Specify percentile increment
As in the previous example, describe() by default calculates the minimum (0th percentile), median (50th percentile), maximum (100th percentile), and the 25th and 75th percentile.
The minimum, median and maximum values are always calculated, but other values can be specified using the parameter percentiles.

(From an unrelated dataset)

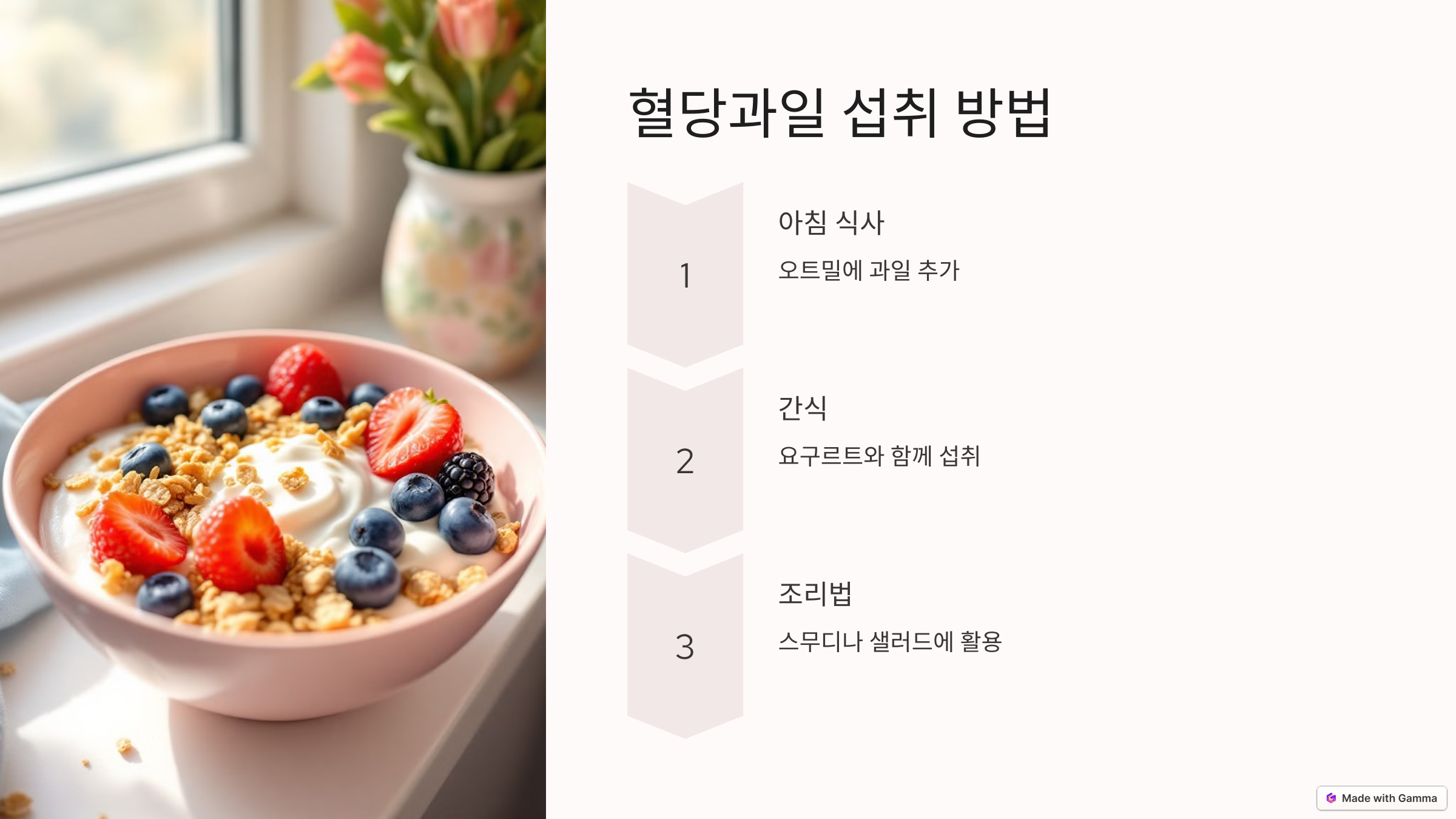 혈당과일은 아침식사나 간식으로 섭취하는 것이 좋습니다. 이들은 우리의 몸에 필요한 에너지를 공급하며, 혈당 수치를 안정적으로 유지하는 데 기여합니다. 또한, 다양한 조리법으로 즐길 수 있어 식사에 재미를 더해줍니다.

Specifies a list of values ranging from 0 to 1.
print(df.describe(percentiles=[0.2, 0.4, 0.6, 0.8]))
# a b
# count 4.000000 4.000000
# mean 1.750000 0.600000
# std 0.957427 0.439697
# min 1.000000 0.100000
# 20% 1.000000 0.280000
# 40% 1.200000 0.480000
# 50% 1.500000 0.600000
# 60% 1.800000 0.720000
# 80% 2.400000 0.920000
# max 3.000000 1.100000
Calculate frequency of numeric columns, etc.
For example, with categorical data where males are represented by 0 and females by 1, or place names are assigned to numerical values, there are cases where we want to examine the mode and its frequency rather than the mean and standard deviation, even for numerical data.
print(df.astype('str').describe())
# a b c d e
# count 4 4 4 4 4
# unique 3 4 3 4 2
# top 1 1.1 X 3 True
# freq 2 1 2 1 3
print(df.astype({
'a': str}).describe(exclude='number'))
# a c d e
# count 4 4 4 4
# unique 3 3 4 2
# top 1 X 3 True
# freq 2 2 1 3
Calculate the mean, standard deviation, etc. of a string of numbers
Likewise, if you want to calculate the mean or standard deviation of a string of numbers, use the astype() method.
print(df.astype({
'd': int, 'e': int}).describe())
# a b d e
# count 4.000000 4.000000 4.000000 4.00
# mean 1.750000 0.600000 2.750000 0.75
# std 0.957427 0.439697 1.707825 0.50
# min 1.000000 0.100000 1.000000 0.00
# 25% 1.000000 0.325000 1.750000 0.75
# 50% 1.500000 0.600000 2.500000 1.00
# 75% 2.250000 0.875000 3.500000 1.00
# max 3.000000 1.100000 5.000000 1.00
describe() in pandas.Series
pandas.Series also has a describe() method. Returns pandas.Series.
s_int = df['a']
print(s_int)
# 0 1
# 1 2
# 2 1
# 3 3
# Name: a, dtype: int64
print(s_int.describe())
# count 4.000000
# mean 1.750000
# std 0.957427
# min 1.000000
# 25% 1.000000
# 50% 1.500000
# 75% 2.250000
# max 3.000000
# Name: a, dtype: float64
print(type(s_int.describe()))
# <class 'pandas.core.series.Series'>
The parameters include and exclude are ignored and items are computed according to type dtype. You can also use astype() for type conversion.
s_str = df['d']
print(s_str.describe())
# count 4
# unique 4
# top 3
# freq 1
# Name: d, dtype: object
print(s_str.astype('int').describe())
# count 4.000000
# mean 2.750000
# std 1.707825
# min 1.000000
# 25% 1.750000
# 50% 2.500000
# 75% 3.500000
# max 5.000000
# Name: d, dtype: float64
date and time (datetime64[ns] type)
Added first and last items for columns of type datetime64[ns].
df['dt'] = pd.to_datetime(['2018-01-01', '2018-03-15', '2018-02-20', '2018-03-15'])
print(df.dtypes)
# a int64
# b float64
# c object
# d object
# e bool
# dt datetime64[ns]
# dtype: object
print(df.describe(include='datetime'))
# dt
# count 4
# unique 3
# top 2018-03-15 00:00:00
# freq 2
# first 2018-01-01 00:00:00
# last 2018-03-15 00:00:00
Literally, first means the first date and last means the last date. It can be calculated separately with min() and max().
print(df['dt'].min())
# 2018-01-01 00:00:00
print(df['dt'].max())
# 2018-03-15 00:00:00
apply describe() to the row
describe() takes no arguments specifying row and column axes. Use .T to transpose, then call describe() to get the result in the original row.
print(df.T.describe())
# 0 1 2 3
# count 6 6 6 6
# unique 5 6 6 6
# top 1 2018-03-15 00:00:00 2018-02-20 00:00:00 2018-03-15 00:00:00
# freq 2 1 1 1
In pandas, each column has a type dtype, so it is basically assumed that each column is arranged with the same type of data.
Therefore, it is usually not necessary to get summary statistics for each row, and if each row is arranged with the same kind of data, it is better to transpose, which makes it easier to do all kinds of processing, not just describe().